2013: Making New Resolutions


As the new year begins, individuals and nations across the world have made positive resolutions of various kinds. Some have set expected targets while others placed challenges that must be conquered, arising from previous years.

Being a sovereign state, Nigeria requires more than mere retrospection of the year 2012 with all its good, bad and ugly experiences. Nigeria and Nigerians ought to have resolved, by now, to do away with some bad habits that tended to hamper her quest for progress and instead, helped to ridicule her citizenry in eyes of the free-world.

In 2013, therefore, The Tide expects the Federal Government to do so many things differently, since it should have been clear, that solutions to such problems failed to meet the expectations of the citizenry, in the past year.

Top on the bill of such expectations is success in the war on terror and the security of lives and property. The Goodluck Jonathan Presidency should have realised by now that security situation is one of its greatest challenges. No army, no matter how strong can win both the war and the peace without a plan to earn the confidence of the people.

That seems to be the missing-link in tackling the increasing spate of terror-based attacks on public places in parts of the North. Government must, therefore, devise a work plan that wins both the support and confidence of the people and that may strengthen its intelligence gathering potentials.

As it stands, the ranks of most security formations, government agencies and even the media have been infiltrated by members of terror groups, particularly, Boko Haram and their international sponsors. That, has without doubt, unwittingly compromised the much needed commitment and precision in tackling systemic insecurity in the land.

Linked to that also is the avoidable politicisation of the security situation by the political class. To many in that category, victory over the terror groups would amount to success of the Jonathan presidency, and they have continued to do little in support of government except bad mouthing the administration forgetting that the same Boko Haram monster  could some day consume them.

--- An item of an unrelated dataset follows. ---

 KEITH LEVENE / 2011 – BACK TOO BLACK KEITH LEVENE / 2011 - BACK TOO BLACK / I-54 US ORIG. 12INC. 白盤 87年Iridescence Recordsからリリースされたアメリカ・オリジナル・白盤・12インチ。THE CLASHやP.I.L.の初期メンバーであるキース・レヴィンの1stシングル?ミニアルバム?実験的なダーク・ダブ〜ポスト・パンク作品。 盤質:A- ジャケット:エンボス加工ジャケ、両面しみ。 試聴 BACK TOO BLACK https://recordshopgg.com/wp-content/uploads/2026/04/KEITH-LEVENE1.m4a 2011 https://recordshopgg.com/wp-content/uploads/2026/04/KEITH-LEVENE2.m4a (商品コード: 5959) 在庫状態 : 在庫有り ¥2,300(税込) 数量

Government should, therefore, change its tactics and form a bi-partisan coalition that not merely confronts the terrorists but also addresses the hopes, fears and needs of law-abiding citizens. Such reliefs should include support for agro-based pursuits, education, health, provision of potable water and electricity and basic infrastructure development, key among which must be better road and rail networks.

But perhaps the worst score of governments at all levels is the war against corruption. The Economic and Financial Crimes Commission (EFCC) should put its acts together and pursue corruption-related issues in a more pro-active manner and help save Nigeria from the shame of being one of the most corrupt nations of the world.

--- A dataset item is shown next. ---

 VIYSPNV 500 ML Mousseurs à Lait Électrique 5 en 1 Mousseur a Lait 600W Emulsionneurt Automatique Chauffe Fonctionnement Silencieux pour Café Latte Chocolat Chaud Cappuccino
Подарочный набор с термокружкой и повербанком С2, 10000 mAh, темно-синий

The confession by the EFCC high Command of frustration in that regard should be addressed by the Federal Government in a manner that enhances success. Perhaps, the Commission’s request for special courts to be designated to ensure speedy hearing of graft-related cases should be re-considered by the Judiciary, if it will indeed make the required difference.

In 2013, The Tide expects more co-operation and not competition among the various arms of government: the Executive, the Legislature and indeed the Judiciary. With the timely passage of  2013 fiscal budget by the National Assembly, we expect the Federal Government to consider more proactive ways of budget implementation.

Very soon, the rains will set-in, therefore, key works on Federal roads and other infrastructural pursuits must be addressed in a timely manner so that the rains would not be excuse for inaction.

In 2012, a major source of friction between the Federal Government and both Chambers of the National Assembly was poor budget implementation. That should be avoided in the interest of the nation and the citizenry. Another, is the annoying implementation of various reports of inquiries, key among which is that on  Oil Subsidy Management Probe.

It is expected  therefore that the executive arm should ensure that none directly or indirectly fingered in the scam is left off the hook. There should not be any sacred cow in the recovery of all ill-gotten funds under that sub-head.

Now perhaps, is also an auspicious moment to admonish politicians against regularly heating – up the polity for phoney political gains. The election year is as far as 2015, therefore, it would be too hasty to commence unnecessary politicisation of virtually every issue of public concern and for such reasons fail always to strike a national consensus.

In 2013, we expect the political class to demonstrate better statesmanship, patriotism and indeed good citizenship, as no government can succeed without the co-operation, involvement, participation and indeed support of its well-meaning citizenry.

Now is the time to make such possible attitudinal change.